What this task involves:
From the data below, copy exactly the lines that lie between the one holding "Damsel seeks knight" and the one holding "[축구토토] 국민체육진흥공단(www.kspo.or.kr)이 발행하는", including both, and nothing more.

Recorded data:
______________________________

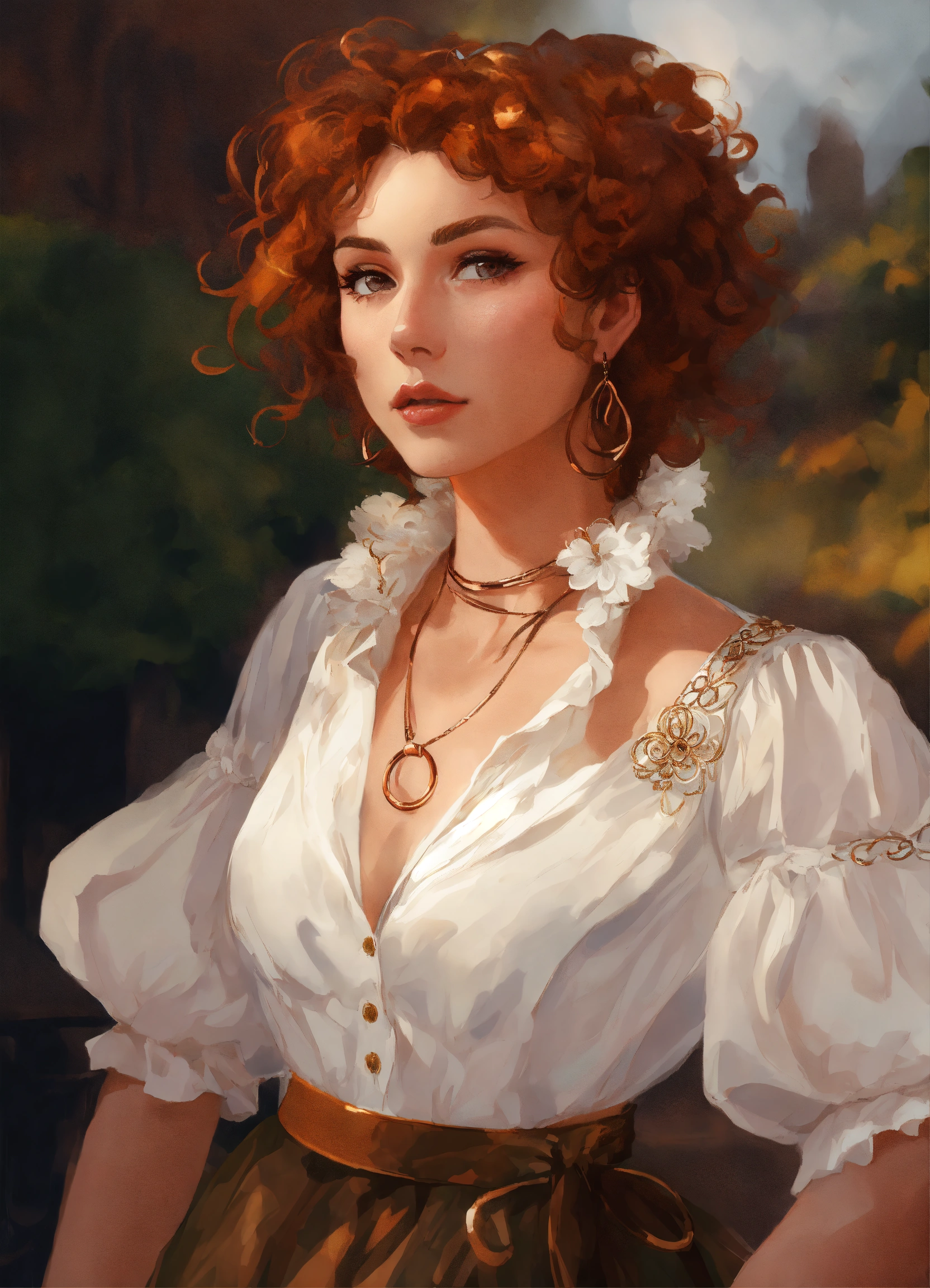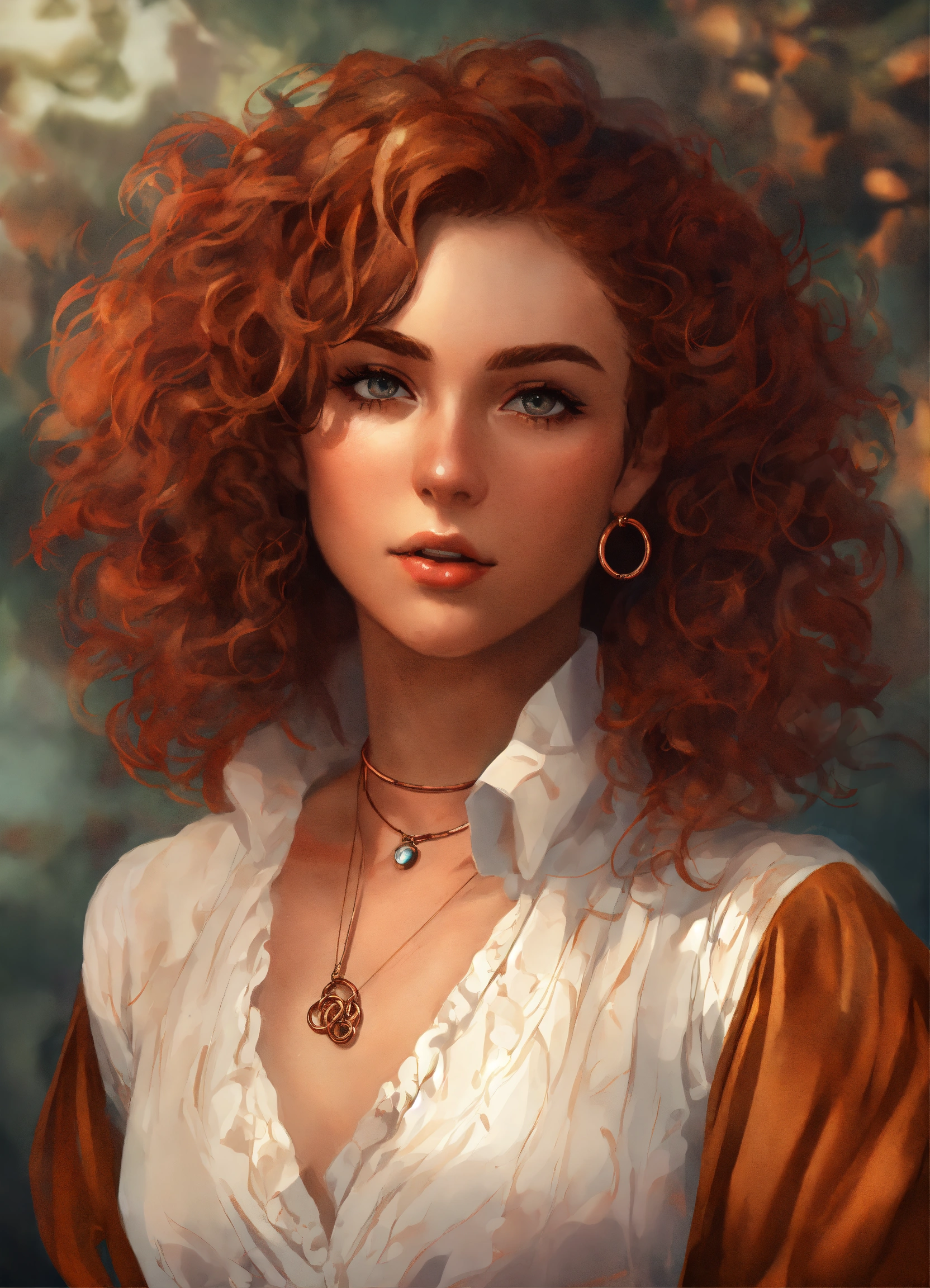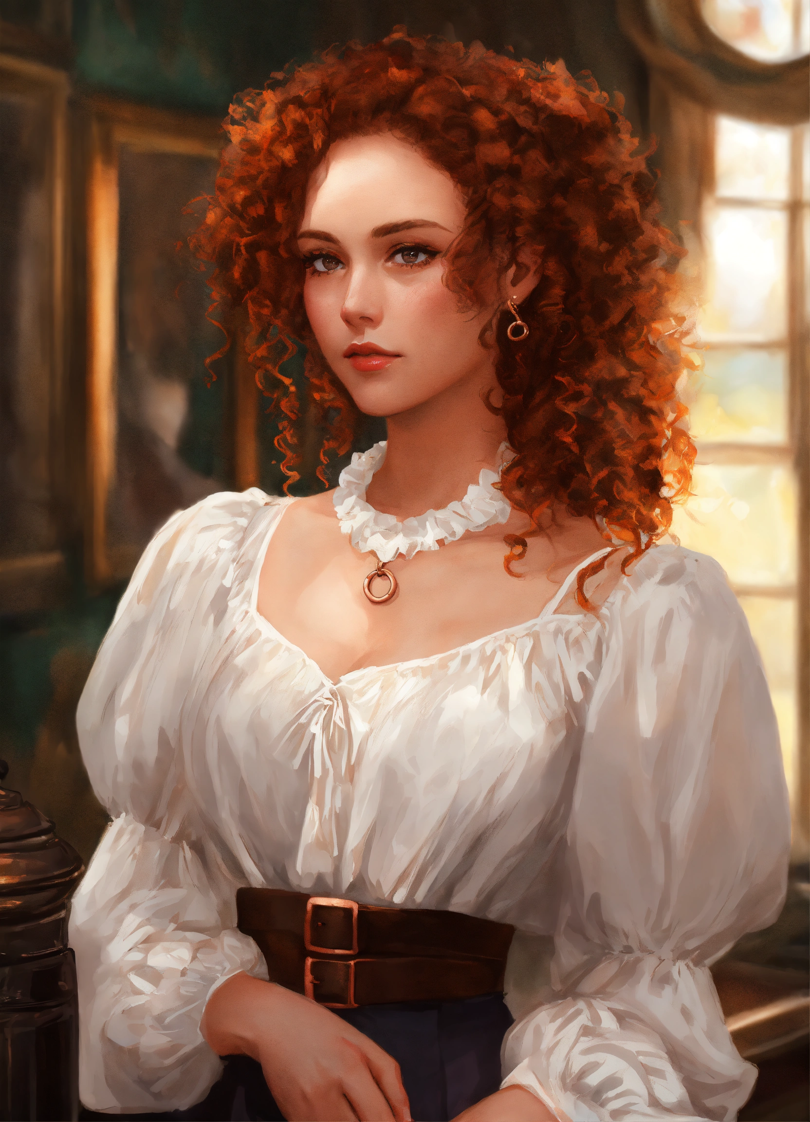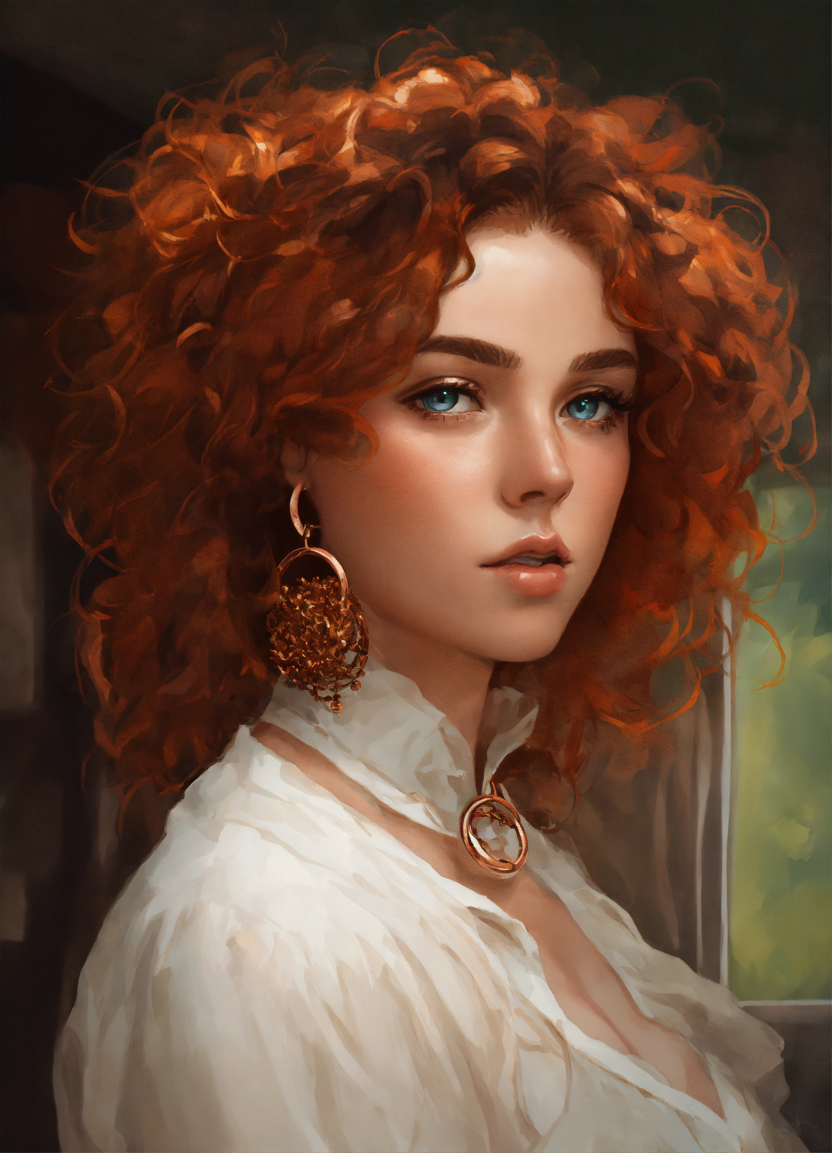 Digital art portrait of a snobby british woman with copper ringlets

______________________________

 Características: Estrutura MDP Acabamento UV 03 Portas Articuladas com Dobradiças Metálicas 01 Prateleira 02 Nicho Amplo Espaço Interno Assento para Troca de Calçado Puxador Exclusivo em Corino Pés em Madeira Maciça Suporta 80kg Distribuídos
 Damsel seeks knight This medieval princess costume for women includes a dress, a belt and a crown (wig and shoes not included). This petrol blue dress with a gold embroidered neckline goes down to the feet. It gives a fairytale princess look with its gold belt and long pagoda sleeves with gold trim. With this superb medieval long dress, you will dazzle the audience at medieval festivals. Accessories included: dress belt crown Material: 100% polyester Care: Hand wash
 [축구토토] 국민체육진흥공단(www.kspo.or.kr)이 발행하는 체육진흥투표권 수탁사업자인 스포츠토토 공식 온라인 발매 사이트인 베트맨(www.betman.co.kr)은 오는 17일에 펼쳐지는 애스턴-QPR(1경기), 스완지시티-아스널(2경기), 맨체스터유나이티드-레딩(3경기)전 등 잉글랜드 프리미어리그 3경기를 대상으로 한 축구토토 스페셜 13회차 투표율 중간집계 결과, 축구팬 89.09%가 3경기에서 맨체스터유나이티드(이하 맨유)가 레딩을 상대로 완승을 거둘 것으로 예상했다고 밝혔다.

______________________________

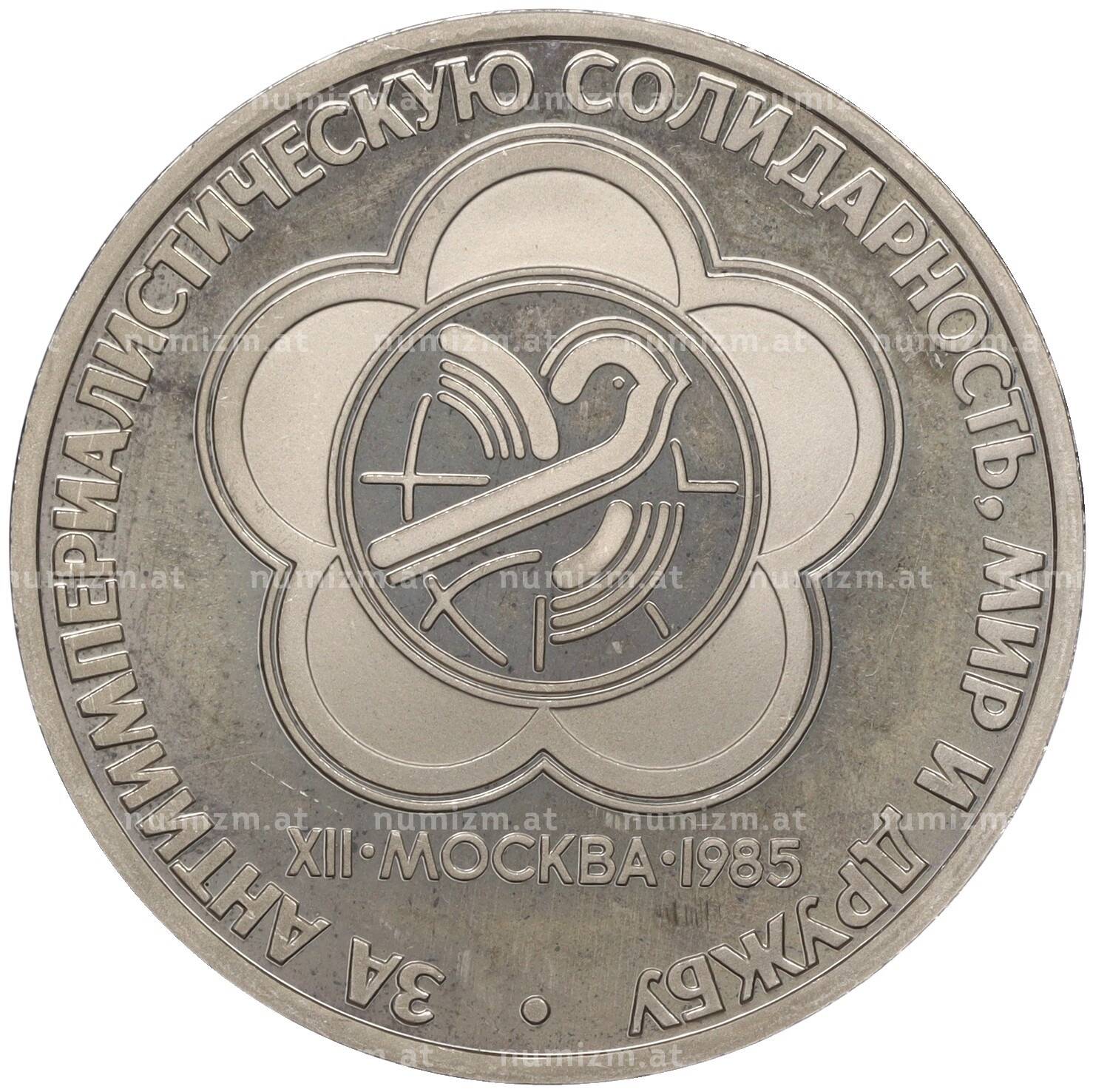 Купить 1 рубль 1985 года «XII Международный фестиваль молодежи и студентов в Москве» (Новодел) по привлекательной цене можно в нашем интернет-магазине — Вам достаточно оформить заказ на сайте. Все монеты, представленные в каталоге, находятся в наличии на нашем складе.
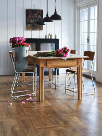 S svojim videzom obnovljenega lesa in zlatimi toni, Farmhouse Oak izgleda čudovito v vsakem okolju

______________________________

Your response:
 Damsel seeks knight This medieval princess costume for women includes a dress, a belt and a crown (wig and shoes not included). This petrol blue dress with a gold embroidered neckline goes down to the feet. It gives a fairytale princess look with its gold belt and long pagoda sleeves with gold trim. With this superb medieval long dress, you will dazzle the audience at medieval festivals. Accessories included: dress belt crown Material: 100% polyester Care: Hand wash
 [축구토토] 국민체육진흥공단(www.kspo.or.kr)이 발행하는 체육진흥투표권 수탁사업자인 스포츠토토 공식 온라인 발매 사이트인 베트맨(www.betman.co.kr)은 오는 17일에 펼쳐지는 애스턴-QPR(1경기), 스완지시티-아스널(2경기), 맨체스터유나이티드-레딩(3경기)전 등 잉글랜드 프리미어리그 3경기를 대상으로 한 축구토토 스페셜 13회차 투표율 중간집계 결과, 축구팬 89.09%가 3경기에서 맨체스터유나이티드(이하 맨유)가 레딩을 상대로 완승을 거둘 것으로 예상했다고 밝혔다.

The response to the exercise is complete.